**PROVIDED RECORDS**
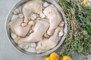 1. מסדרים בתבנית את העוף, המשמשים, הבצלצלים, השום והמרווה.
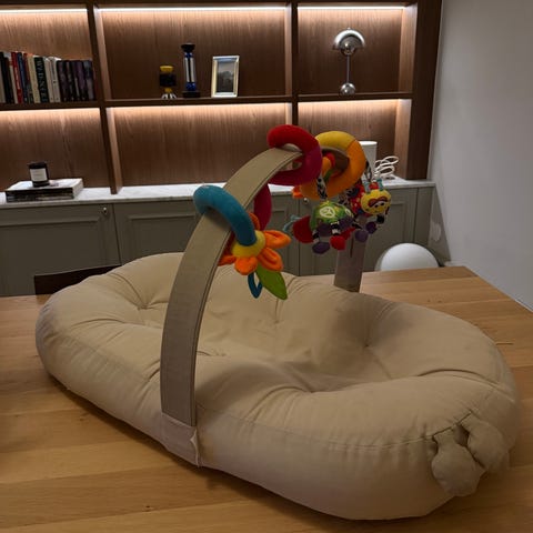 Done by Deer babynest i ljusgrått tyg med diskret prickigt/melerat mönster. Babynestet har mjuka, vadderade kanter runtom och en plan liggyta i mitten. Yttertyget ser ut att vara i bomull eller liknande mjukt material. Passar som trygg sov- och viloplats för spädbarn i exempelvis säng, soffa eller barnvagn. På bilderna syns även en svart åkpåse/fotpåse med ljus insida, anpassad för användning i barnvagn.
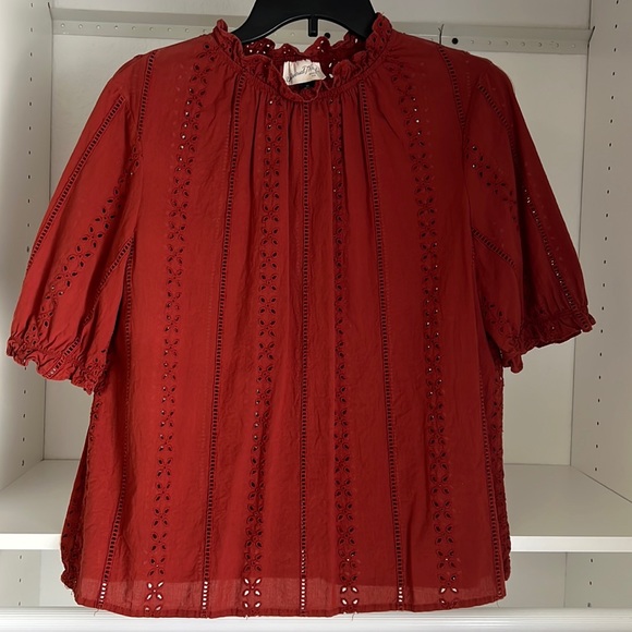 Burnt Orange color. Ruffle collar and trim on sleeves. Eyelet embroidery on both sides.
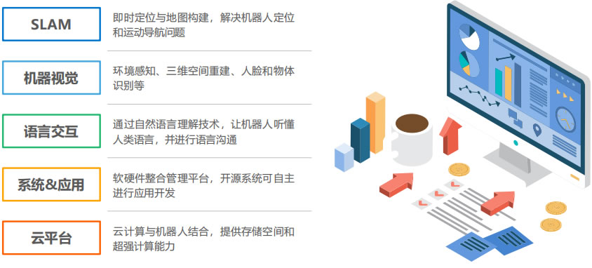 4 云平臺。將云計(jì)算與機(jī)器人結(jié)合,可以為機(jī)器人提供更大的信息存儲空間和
--
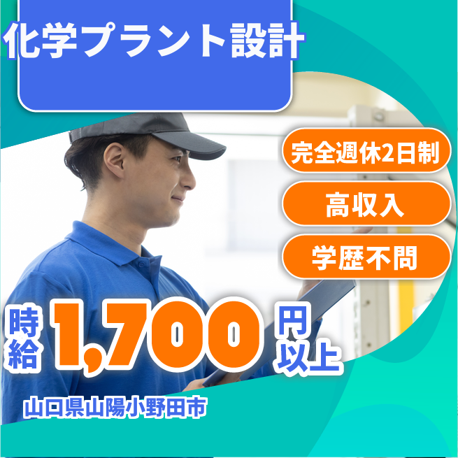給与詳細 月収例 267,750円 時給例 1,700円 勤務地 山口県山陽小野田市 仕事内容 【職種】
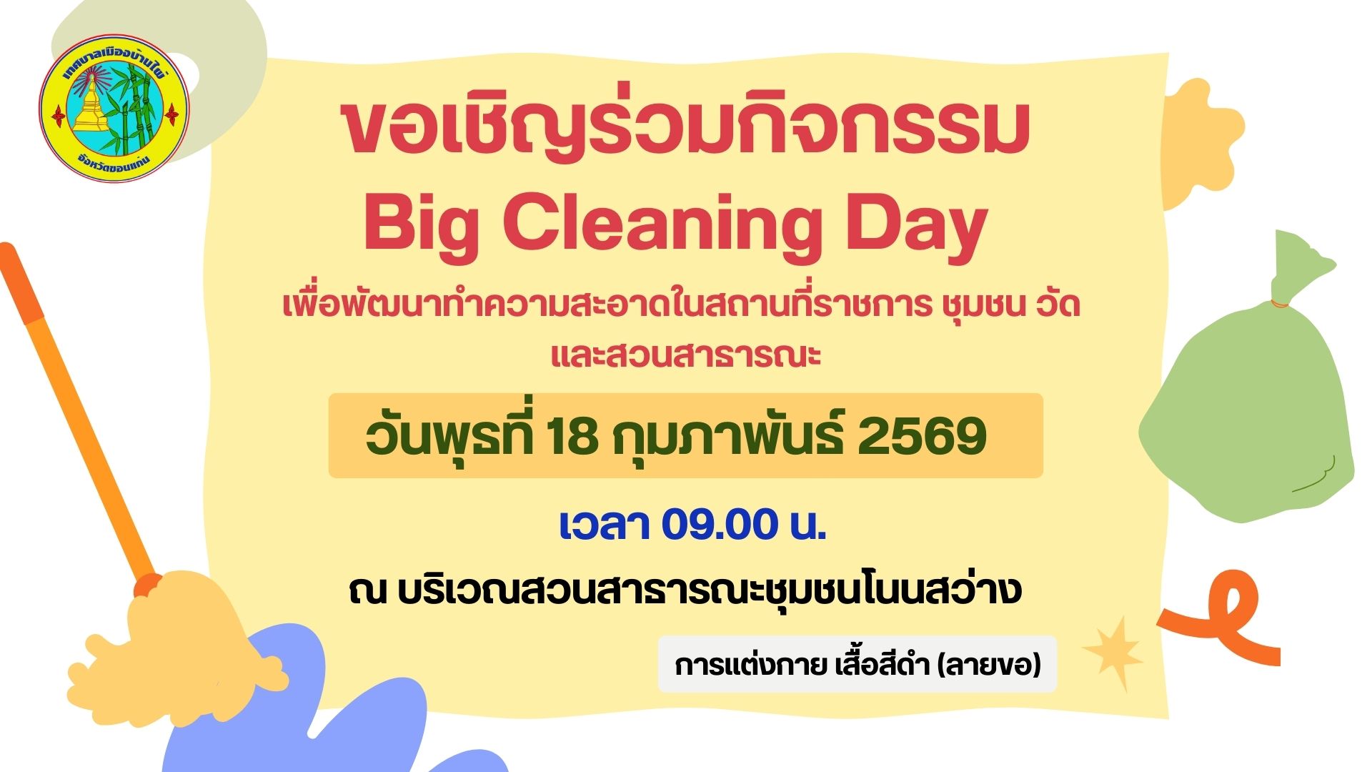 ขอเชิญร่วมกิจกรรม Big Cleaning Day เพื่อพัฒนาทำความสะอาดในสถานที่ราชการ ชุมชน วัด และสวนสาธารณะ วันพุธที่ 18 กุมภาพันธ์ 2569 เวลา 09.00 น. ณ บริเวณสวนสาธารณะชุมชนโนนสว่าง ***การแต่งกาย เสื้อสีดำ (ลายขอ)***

**HOW TO COMPLETE THIS TASK**
Leaving out each picture, repeat exactly the lines above from the one that contains "給与詳細 月収例 267,750円" through the one that contains "ขอเชิญร่วมกิจกรรม Big Cleaning".

**RESULT OF THE EXERCISE**
給与詳細 月収例 267,750円 時給例 1,700円 勤務地 山口県山陽小野田市 仕事内容 【職種】
 ขอเชิญร่วมกิจกรรม Big Cleaning Day เพื่อพัฒนาทำความสะอาดในสถานที่ราชการ ชุมชน วัด และสวนสาธารณะ วันพุธที่ 18 กุมภาพันธ์ 2569 เวลา 09.00 น. ณ บริเวณสวนสาธารณะชุมชนโนนสว่าง ***การแต่งกาย เสื้อสีดำ (ลายขอ)***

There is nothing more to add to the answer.